*** Opening of Source data ***

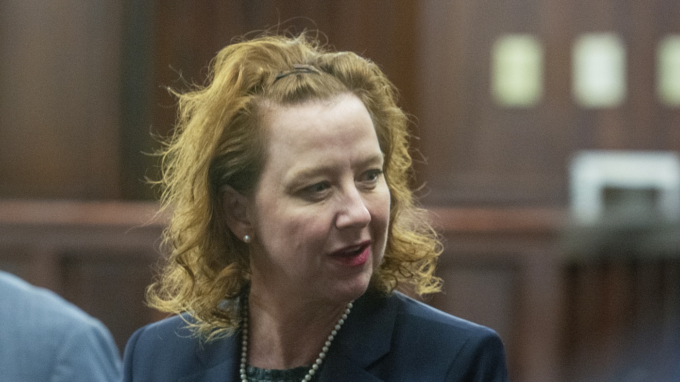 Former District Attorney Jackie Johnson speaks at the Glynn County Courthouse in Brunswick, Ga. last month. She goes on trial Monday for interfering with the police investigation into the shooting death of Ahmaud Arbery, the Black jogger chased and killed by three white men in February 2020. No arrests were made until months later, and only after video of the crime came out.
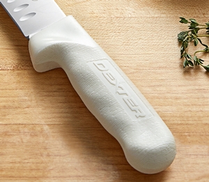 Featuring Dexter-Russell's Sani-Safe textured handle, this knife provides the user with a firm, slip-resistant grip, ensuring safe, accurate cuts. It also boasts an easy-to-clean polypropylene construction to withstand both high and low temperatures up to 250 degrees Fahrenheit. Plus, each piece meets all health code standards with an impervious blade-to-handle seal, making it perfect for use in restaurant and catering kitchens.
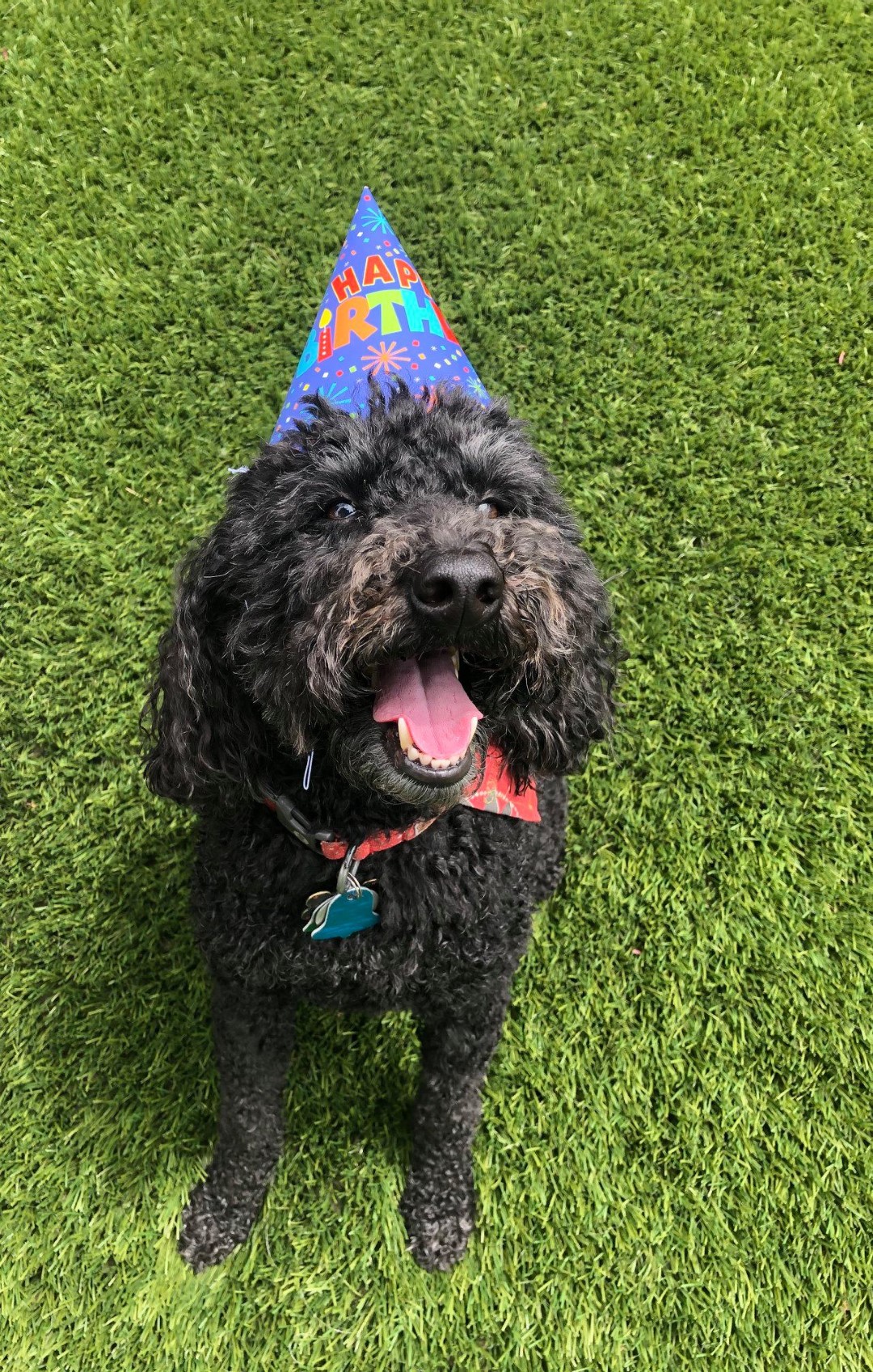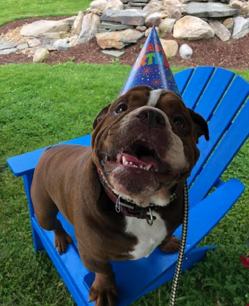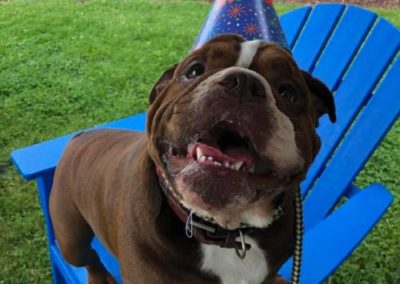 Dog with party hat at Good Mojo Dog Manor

*** Close of Source data ***
*** Opening of Source data ***

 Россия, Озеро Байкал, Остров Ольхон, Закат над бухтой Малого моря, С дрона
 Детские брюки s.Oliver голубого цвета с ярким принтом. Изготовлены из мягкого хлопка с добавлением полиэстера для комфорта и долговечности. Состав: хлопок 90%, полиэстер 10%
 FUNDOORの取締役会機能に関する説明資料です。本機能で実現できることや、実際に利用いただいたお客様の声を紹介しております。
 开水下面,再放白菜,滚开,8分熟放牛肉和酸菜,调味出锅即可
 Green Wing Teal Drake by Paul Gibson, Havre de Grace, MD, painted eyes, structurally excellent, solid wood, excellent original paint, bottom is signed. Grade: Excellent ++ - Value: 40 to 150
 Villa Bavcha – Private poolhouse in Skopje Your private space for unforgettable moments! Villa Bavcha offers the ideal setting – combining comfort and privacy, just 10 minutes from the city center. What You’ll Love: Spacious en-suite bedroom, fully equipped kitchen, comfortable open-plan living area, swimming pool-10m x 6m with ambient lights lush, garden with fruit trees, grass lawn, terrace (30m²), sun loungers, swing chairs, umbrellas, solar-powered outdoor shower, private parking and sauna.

*** Close of Source data ***
*** Opening of Source data ***

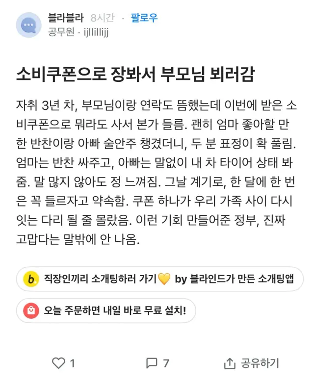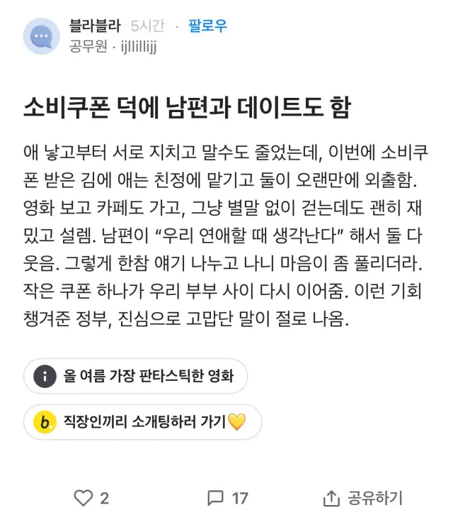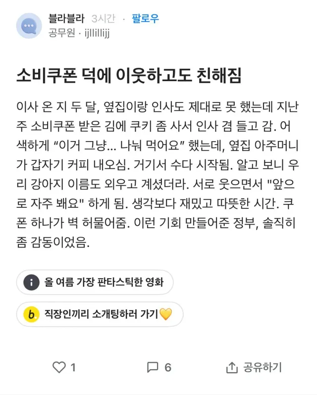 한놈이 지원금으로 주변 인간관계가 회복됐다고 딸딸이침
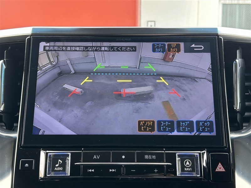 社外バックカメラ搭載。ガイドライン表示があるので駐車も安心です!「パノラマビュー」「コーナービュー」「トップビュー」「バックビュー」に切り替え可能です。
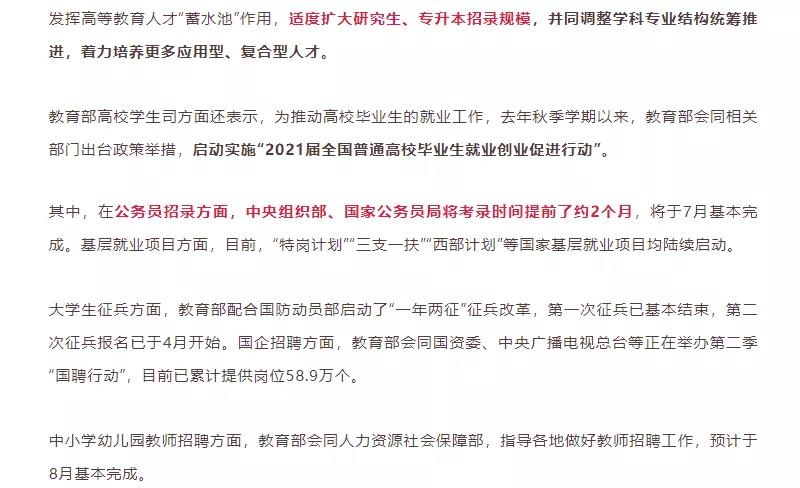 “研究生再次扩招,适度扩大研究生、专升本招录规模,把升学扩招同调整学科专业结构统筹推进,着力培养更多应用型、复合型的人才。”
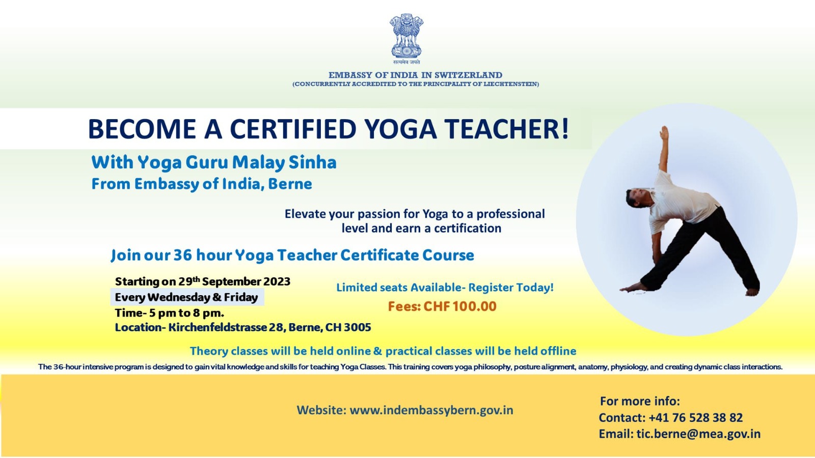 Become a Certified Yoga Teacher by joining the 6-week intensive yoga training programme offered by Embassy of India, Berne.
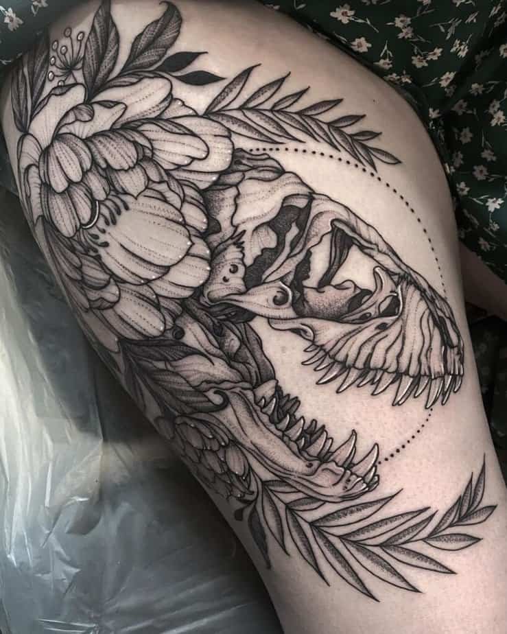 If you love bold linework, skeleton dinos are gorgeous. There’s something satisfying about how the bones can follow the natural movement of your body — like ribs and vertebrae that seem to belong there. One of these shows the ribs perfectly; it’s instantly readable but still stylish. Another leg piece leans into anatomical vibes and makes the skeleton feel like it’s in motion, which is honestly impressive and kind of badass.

*** Close of Source data ***

### What to produce
Retype only the lines above from the one with "Featuring Dexter-Russell's Sani-Safe" through the one with "Dog with party hat at Good Mojo Dog Manor", exactly and with both ends. Images stay out.

### Exercise solution
 Featuring Dexter-Russell's Sani-Safe textured handle, this knife provides the user with a firm, slip-resistant grip, ensuring safe, accurate cuts. It also boasts an easy-to-clean polypropylene construction to withstand both high and low temperatures up to 250 degrees Fahrenheit. Plus, each piece meets all health code standards with an impervious blade-to-handle seal, making it perfect for use in restaurant and catering kitchens.
 Dog with party hat at Good Mojo Dog Manor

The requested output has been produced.